Today, poor people need those houses. The PHA’s public housing waiting list—which has essentially been closed since 2013—has nearly 50,000 people on it. And many more would apply if they were able. Even before the pandemic, more than half a million Philadelphians lived in households that were “cost-burdened” by rent, and 69 percent of those households brought in less than $30,000 a year. But the PHA doesn’t seem to be trying to boost public housing—in fact, it’s further privatizing the City’s stock by auctioning off vacant properties to private developers, while using eminent domain to gobble up space for large redevelopment projects that housing activists say will spur the displacement of low-income residents.
“The housing authority is being utilized to refine our neighborhoods through gentrification,” said Jennifer Bennetch, founder of Occupy PHA and Camp Teddy. Bennetch has been fighting for years—attending board meetings, keeping lists of the PHA’s vacant properties, camping outside the PHA headquarters, and now facilitating the takeover of vacant PHA units—against what Philadelphia Housing Action sees as a city authority acting counter to its mission.
To organizers, the PHA’s approach to public housing represents exactly the kind of policies that stand in the way of housing liberation—and the encampments are only the most recent attempt to redirect its resources toward safe, permanent shelter for those who need it.
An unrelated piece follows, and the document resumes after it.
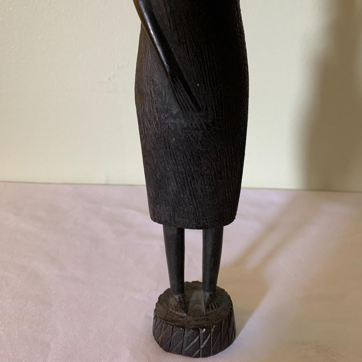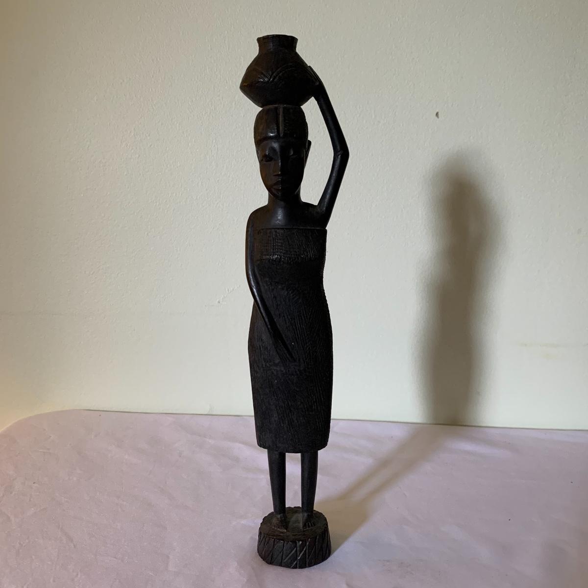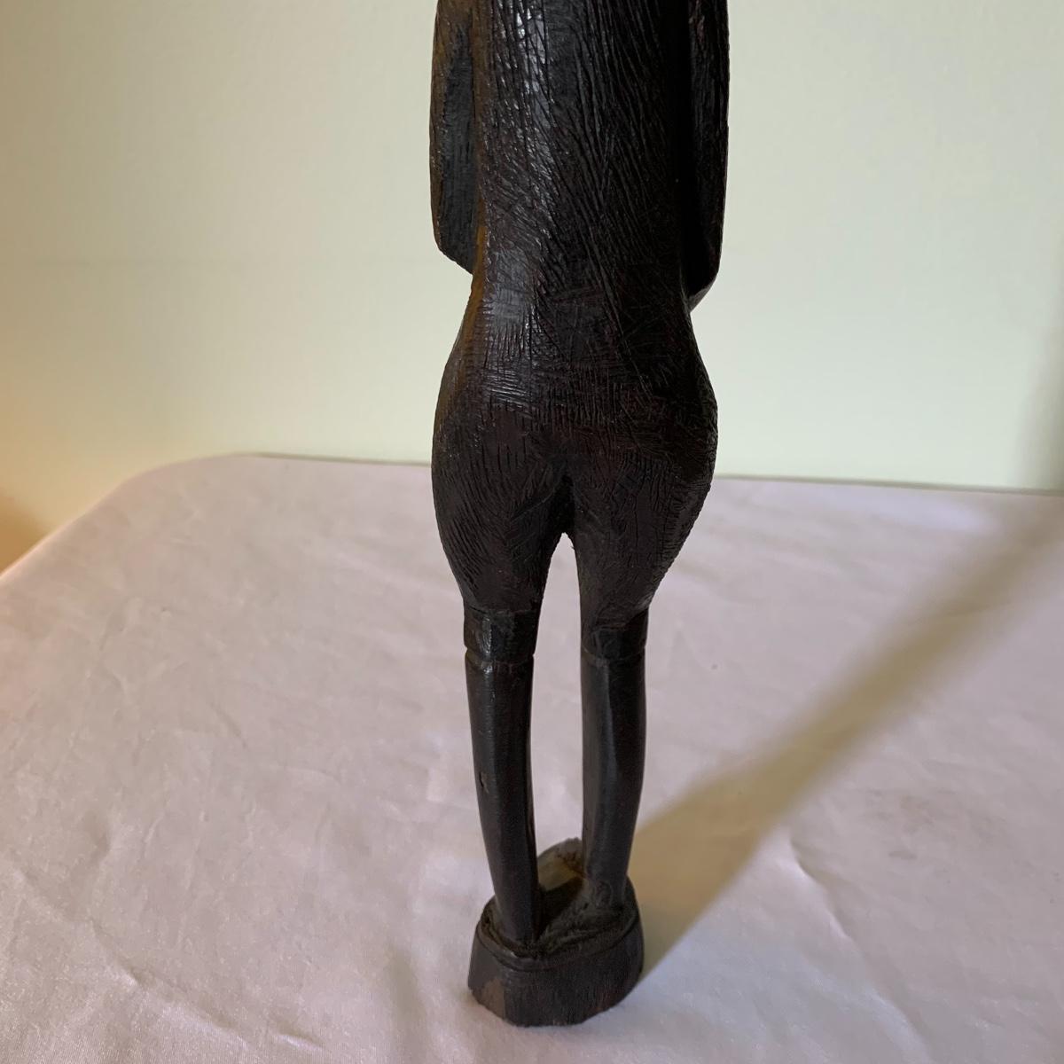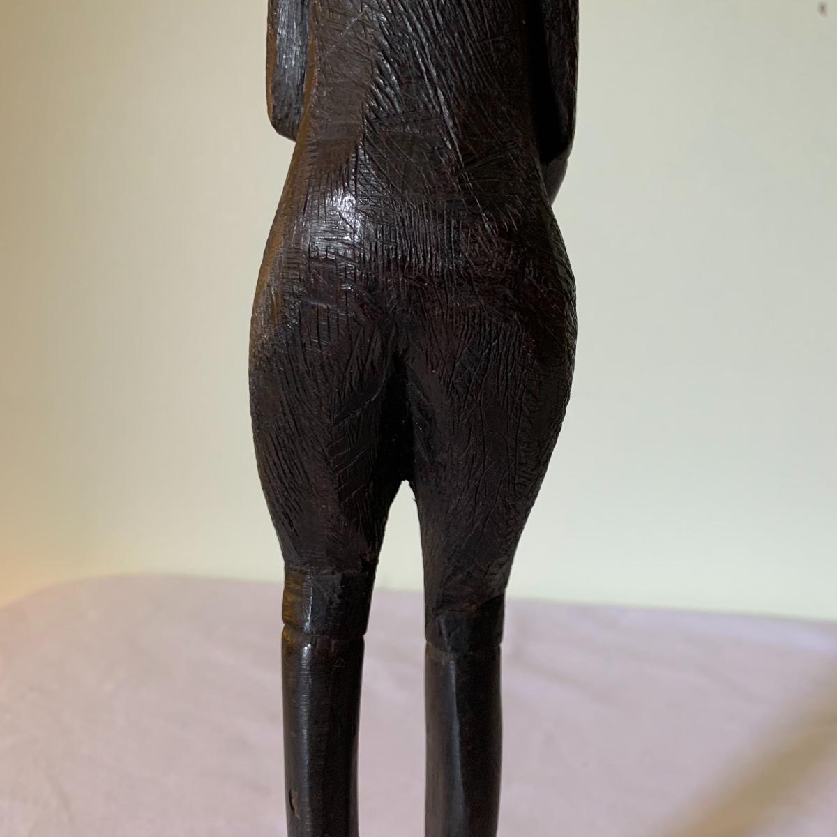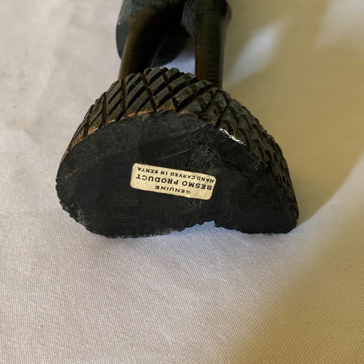 This lot includes four carved wooden statuettes. Three of them are a matching set that have stickers on the bottom that say “Genuine Besmo Product Handcarved in Kenya”. These three measure about 14” tall. One of these is top heavy and needs help standing upright. It needs a very flat surface to stand upright. The fourth statuette fits in with the others, but it not part of the same set. It is smaller (7”) and lightweight and has no label regarding its origins. Shipping available.

The encampments are “not something that just fell out of the air,” Bennetch said. “The fight against this housing authority and its role in displacing Black and brown and poor people is years long, and this is the culminating point of it.”
The cops didn’t show up (at least not in full force) the night after last Wednesday’s eviction defense, as protectors kept lookout in the rain. Nor did they show up the next morning. Since then, the city and Camps JTD and Teddy have been playing a cat and mouse game, with police and the PHA sending patrol cars, preparing floodlights, or showing other signs that raids are imminent, but not following through.
Nonresident protectors mostly went home after the initial defense, but groups quickly return when the camp sends out social media or text alerts. Organizers have planned activities like movie nights and craft stations to build community during these tense days (they half-trollingly invited Philadelphia Mayor Jim Kenney, who has labeled the encampments “hostile,” to a catered brunch on Monday, to which he predictably didn’t show). But the constant state of alarm the city is imposing upon the encampments is exhausting, and has put many residents on edge.
Irvin Murray, who left a crowded and strict shelter in early July to live at Camp JTD, is concerned about the future of the encampments. But like many residents, he is still fully on board with the cause, including the community land trust.
“The city is saying they don’t give a damn about us,” he said. “We need that housing.”